In this post I explore some of the data on onshore wind electricity generation in Great Britain. The goal of this exercise was to practice my python/pandas skills, and data analysis and visualisation more generally. I set out to address the following broad questions.

  1. How has the energy generated by onshore wind changed in the last 10 years?
  2. How does it differ between England, Scotland and Wales?
  3. What are the key factors in determining how much is generated?

A note on the data

I’m using “accredited official statistics” obtained from the gov.uk website, covering renewable energy generation in the time period 2014-2023, and wind data from the archive of the Centre for Environmental Data Analysis (CEDA).

The gov.uk data is regional, and therefore a significant amount of it is suppressed for commercial or security reasons. This factored into my choice to work on offshore wind data: not only does this source of energy represent a significant portion of the renewables output in any given year, but the data is mostly complete. However, it seems that the data for Northern Ireland is very flawed/incomplete, and I am therefore excluding it from the analysis (whence GB instead of UK).

The gov.uk data is in a spreadsheet, which was easily read into pandas. The CEDA archive data comes in NetCDF format, a highly structured self-describing data format which was new to me. Pandas is naturally up to the task of extracting this into dataframes.

Whole of Great Britain

Firstly, lets address question 1. Below is a plot of the total energy generated by onshore windfarms, over the 10 year period in question (according to the gov.uk figures). The general trend is clearly increasing but not monotonically - it does decrease in some years. Energy generated

In particular, we have a marked decrease between 2020 and 2021. Clearly, wind energy is at the mercy of the weather. But can an approximately 5 terawatthour decrease be explained by variation in the wind?

Lets replot the yearly generation figures, this time with the yearly average wind speed overlaid (data from CEDA).

Generationg with wind

The large drop in 2021 appears to correspond to a drop in average windspeed which is significant, relative to the figures for other years.

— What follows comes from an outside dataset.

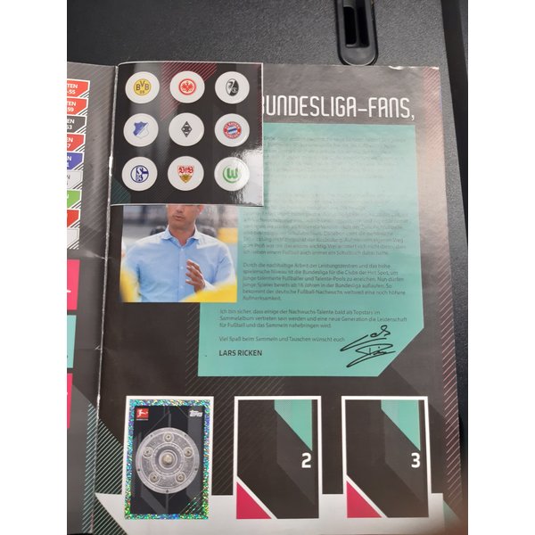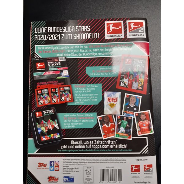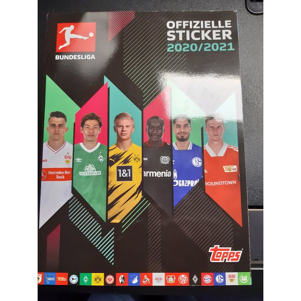 Wenig befülltes Stickeralbum für Sammelbilder von der Bundesliga-Saison 2020-2021, dazu Panini-Heft "Offizielle Sticker- und Cards-Kollektion FC Bayern Müchen 2020/2021"

Interestingly, wind speed appears to be trending down over the long term. The 10 year period we’re looking at is broadly representative of trend since the late 1960s, as seen in the CEDA data below.

Long-term wind trend

Despite this downward trend, we’re seeing a long-term increase in total energy generated (moderated by yearly fluctuations in wind speed).

By Nation

To address question 2., we’ll look at the respective total energy generated by England, Scotland and Wales.

Energy generated by nation

Scotland’s production is far ahead of the other two. What might be driving the differences? Why does Scotland produce so much more?

Firstly, it doesn’t really make sense to compare absolute values since, for example, England is more than 6 times the area of Wales. So lets look at energy generated per square km of land.

Energy vs land area

Under this metric, Wales overtakes England into second place, but there is still a clear difference between the three nations. Perhaps there are just more windfarms in Scotland?

The government statistics include the number of sites in each nation, so we can “normalise” by looking at the average generation per site, for each nation. We will also include the wind speed (blue line).

Energy vs land area

When we account for the number of sites, the differences between the nations become smaller, but still significant. Much more clearly however, the energy generation is closely tracking the average wind speed in each nation, at least from around 2018 onwards. Even when normalising in this way, it still looks like the overall trend is more energy per site, despite the gradual reduction in wind speed as mentioned above. Without looking into it further, this could reasonably be attributed to an increasing size of the average windfarm and/or an improvement in the technology for converting wind to electricity.

So we can hypothesise that average wind speed is a good predictor of energy generation (for an average onshore windfarm). This is not revolutionary but it is nice to see the data reflecting what we might expect.

Coming soon…

The dataset is broken down by Local Authority, so we can test our hypothesis at a much more granular level. Ideally, we could also make this a lot more statistically rigorous.

I intend to make the code public too in due course.